Rishi Sunak faces red wall wipeout at election - GulfToday

Rishi Sunak faces red wall wipeout at election

Rishi Sunak 55

Rishi Sunak

Archie Mitchell, The Independent

The Tories are facing electoral oblivion in the red wall as a shock poll reveals they will lose every single seat. Polling from Electoral Calculus, shared with The Independent, reveals all 42 red wall seats held by the Conservatives are set to return to Labour at the next general election. The scale of the rebellion against the government appears to in part be driven by the spiralling cost of living, with a separate analysis seen by The Independent showing the crisis is having a devastating impact on Tory-held seats in the red wall.

The data, compiled by analytics firm Outra, show 15 Conservative-held red wall seats, which were won at the last election but have historically supported the Labour Party, are among the 50 constituencies with the highest number of financially distressed voters in the country. Such as Great Grimsby, Blackpool South and Walsall North are among those with the highest portion of voters deemed financially vulnerable.

In total, 15 of the top 50 seats in which voters are at risk of falling behind on their bills were won by the Conservatives in 2019. It follows research by investment firm Hargreaves Lansdown that shows the North East has been hit hard by the cost of living crisis – with the joint lowest level of savings in the country, and just a third of households reporting they have enough cash left at the end of the month.

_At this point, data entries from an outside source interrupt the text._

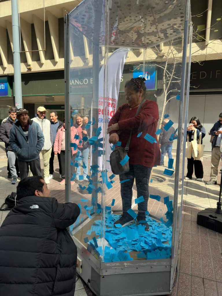 El programa Vacaciones Tercera Edad de Sernatur se unió a las celebraciones de Fiestas Patrias con la instalación del recordado “Ciclón Millonario”, ahora bautizado como “Ciclón Viajero”, en pleno Paseo Ahumada. En la oportunidad, en vez de billetes, los transeúntes podían concursar por tickets para viajar a Viña del Mar y Pichilemu, con todo incluido, y así extender la celebración de las Fiestas Patrias y del mes del turismo.
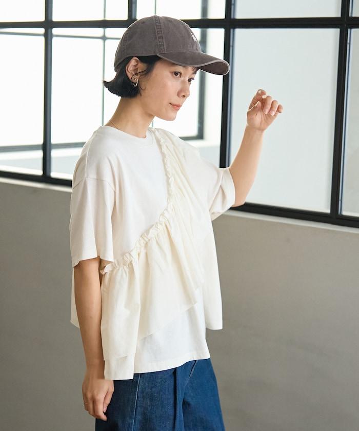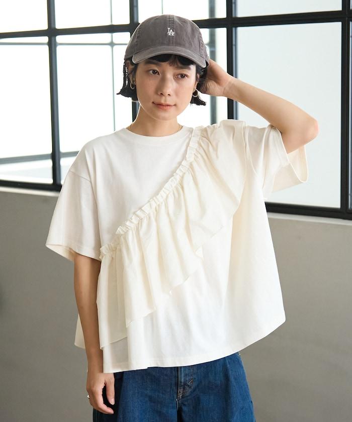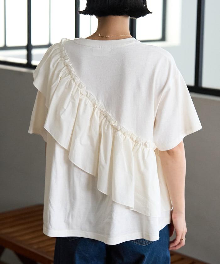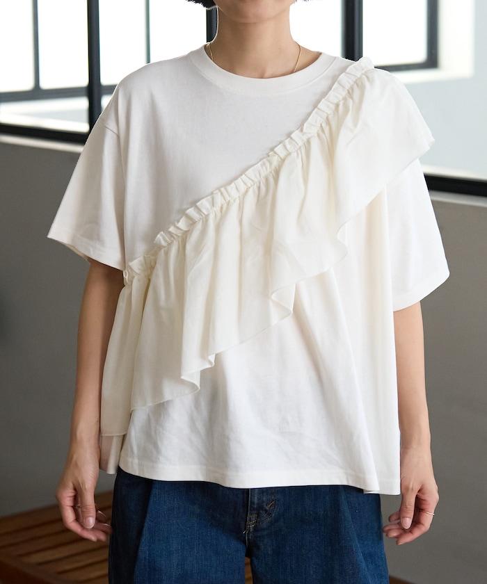 不對稱 蕾絲拼接T恤
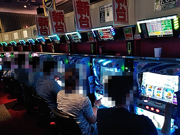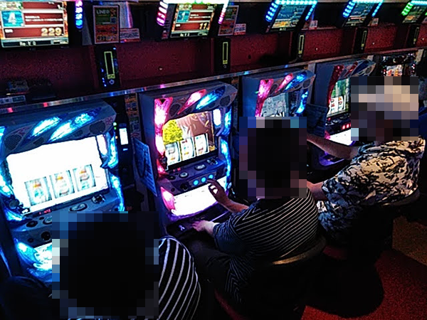 確認時は設置されている10台がほぼフル稼働。シマのいたるところに、笑みを浮かべながら遊技を楽しんでいる姿があった。
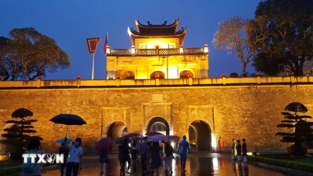 | Đoan Môn - Hoàng thành Thăng Long về đêm. (Ảnh: Đinh Thuận/TTXVN) |
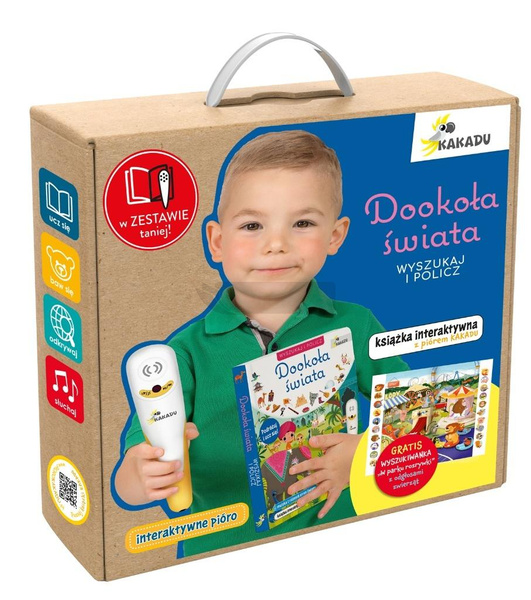 Dookoła świata. Wyszukaj i policz to książka interaktywna z piórem Kakadu, które uruchamia zakodowane na stronach teksty i dźwięki. Publikacja jest częścią innowacyjnego systemu nauki i zabawy w jednym.
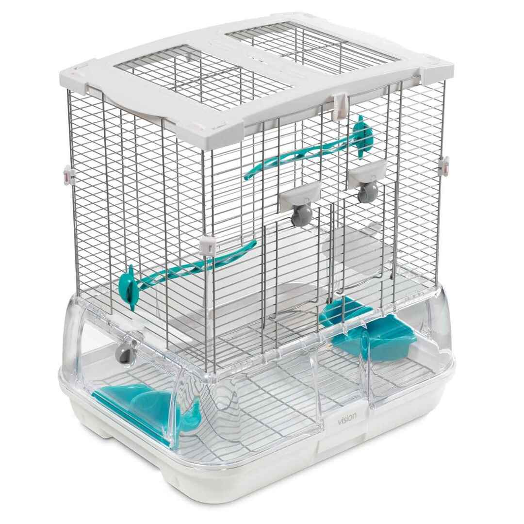 Les habitats Vision pour oiseaux comportent de nombreuses caractéristiques révolutionnaires les distinguant des cages habituelles qui, la plupart du temps, sont équipées d'un tiroir qui ne permet pas de recueillir les déchets proprement, et qui complique l'entretien. La conception de la cage Vision sans tiroir simplifie le nettoyage, car il suffit de détacher le haut de la cage, et de jeter les déchets contenus dans la base.
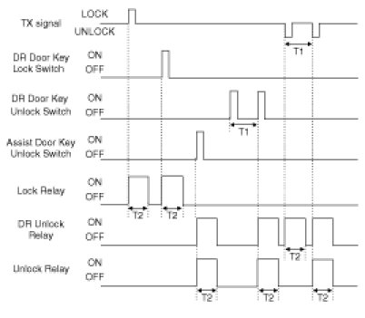(3) Turn Driver Unlock Relay output ON during T2 when receiving TUNLOCK signal. However, turn Driver Unlock Relay, Unlock Relay (Central Unlock) output duting T2 if TUNLOCK is received within T1.

The figures will set alarm bells ringing in Downing Street, with experts warning that voters facing financial distress will make their voices heard in the ballot box. Pollster and political analyst Robert Hayward pointed to a defining phrase from Bill Clinton’s successful 1992 run to unseat George HW Bush as US president: “It’s the economy, stupid.”

He told The Independent that the economy is “always the most important issue” on polling day across all age groups, social groups and genders.

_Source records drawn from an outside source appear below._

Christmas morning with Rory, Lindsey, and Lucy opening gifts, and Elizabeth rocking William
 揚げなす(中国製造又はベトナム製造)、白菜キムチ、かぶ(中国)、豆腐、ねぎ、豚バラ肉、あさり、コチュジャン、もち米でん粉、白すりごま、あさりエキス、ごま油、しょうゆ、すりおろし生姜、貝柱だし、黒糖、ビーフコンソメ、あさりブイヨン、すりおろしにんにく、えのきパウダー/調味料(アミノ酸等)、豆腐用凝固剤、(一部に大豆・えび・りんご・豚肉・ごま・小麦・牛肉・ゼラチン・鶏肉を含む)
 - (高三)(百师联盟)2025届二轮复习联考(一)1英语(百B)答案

Lord Hayward said it was especially important for the Conservatives, having historically been considered better managers of the economy than Labour. Lord Hayward added that Sunak’s party may be doing so “slowly”, with inflation finally falling, but without further progress before an expected general election in October 2024, the Conservatives will lose. Almost two-thirds of voters believe the economy to be one of the top three issues facing the country, putting it significantly ahead of health and immigration, YouGov polling shows. The risk of a red wall wipeout will also raise fears in Conservative HQ, with Lord Hayward warning it will leave Sunak facing “serious difficulty” securing an overall majority.

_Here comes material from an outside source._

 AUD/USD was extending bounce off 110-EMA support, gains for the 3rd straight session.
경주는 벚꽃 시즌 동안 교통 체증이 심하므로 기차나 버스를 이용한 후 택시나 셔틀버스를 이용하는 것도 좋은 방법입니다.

Addressing the collapse in support facing Tories in the red wall, Lord Hayward said that while the party has achieved majorities without the voting bloc in the past, “it delivered the size of that majority last time around”.

He added that the failure to win those seats next year “would leave the Conservatives in serious difficulty trying to find an overall majority”.

Electoral Calculus chief executive Martin Baxter pointed to former PM Mr Johnson’s acknowledgement that red wall voters had “lent him” their support in 2019. “And it looks like they are taking it back,” he said. “The Conservative tide went up that beach in 2019, and it looks like the tide is going out again.”

The pollster is forecasting that the Tories will lose all 42 of their red wall seats. And Baxter said that while the economic figures “underline” the struggle in voters in those areas for the Conservatives, the prospect of the party holding on to power in the general election is already “not likely”. Nationally, Electoral Calculus predicts a landslide Labour victory, winning around 460 seats, with the Conservatives reduced to just 90 seats. Many red wall seats were turned blue in 2019 as voters repulsed by the Labour leader at the time, Jeremy Corbyn, backed Boris Johnson to “Get Brexit Done” and “level up” neglected towns and cities.